Given material Start Marker

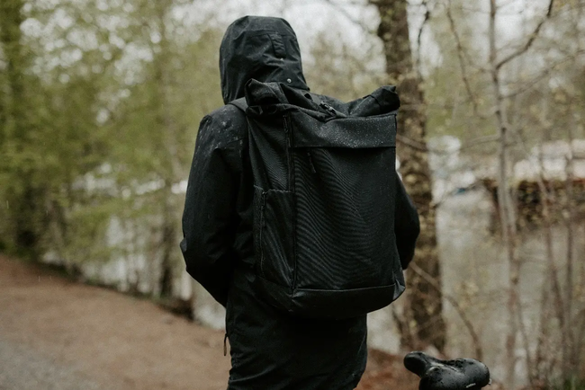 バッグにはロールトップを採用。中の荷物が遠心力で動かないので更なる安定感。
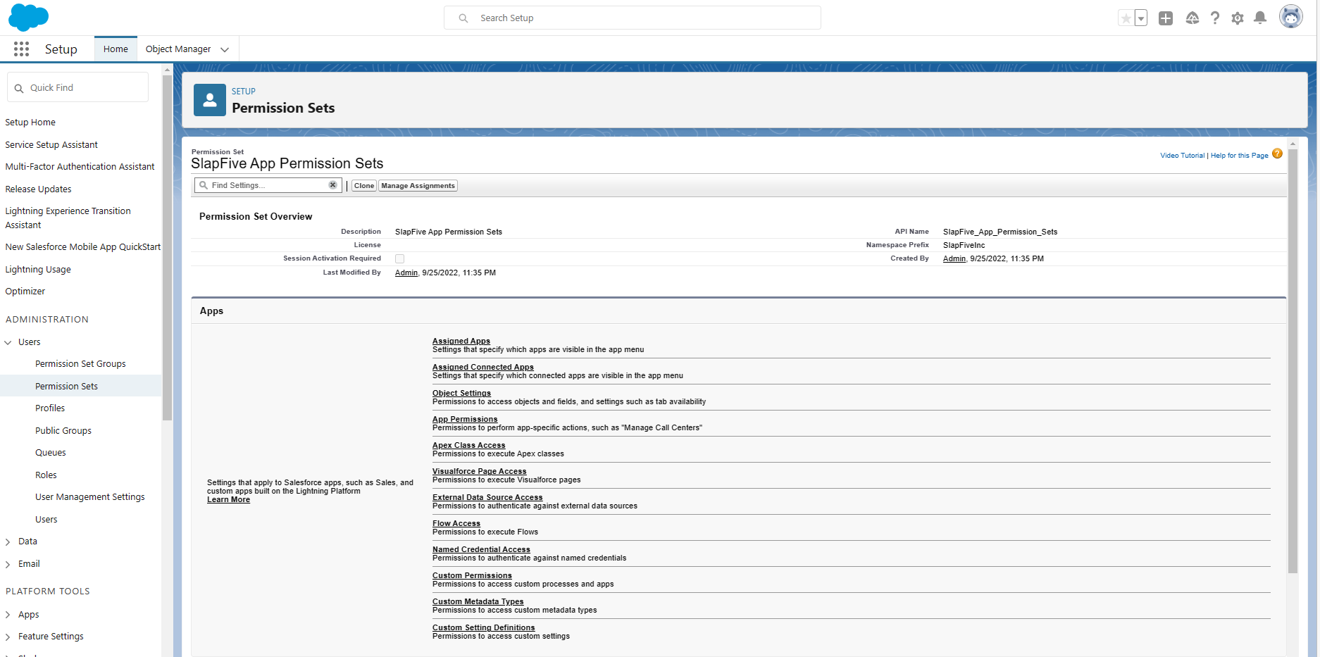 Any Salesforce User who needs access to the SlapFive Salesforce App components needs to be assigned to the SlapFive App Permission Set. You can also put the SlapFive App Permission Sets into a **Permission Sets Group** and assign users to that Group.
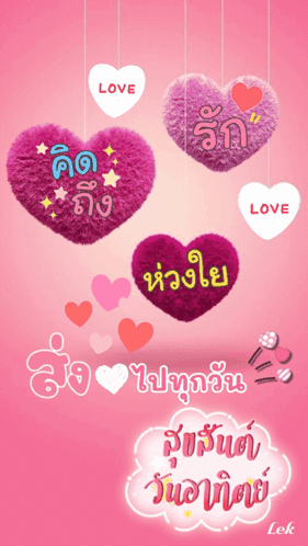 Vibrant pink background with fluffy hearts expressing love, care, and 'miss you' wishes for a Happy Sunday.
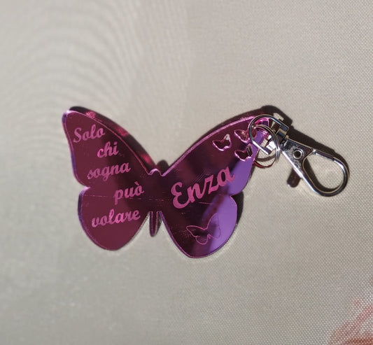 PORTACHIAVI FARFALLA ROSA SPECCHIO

Given material End Marker

▶ _Instructions to follow_:
Begin at the line that contains "Vibrant pink background" and transcribe exactly, and only, each line through the final line of the data above, both included; the pictures do not go in.

▶ _Task response_:
 Vibrant pink background with fluffy hearts expressing love, care, and 'miss you' wishes for a Happy Sunday.
 PORTACHIAVI FARFALLA ROSA SPECCHIO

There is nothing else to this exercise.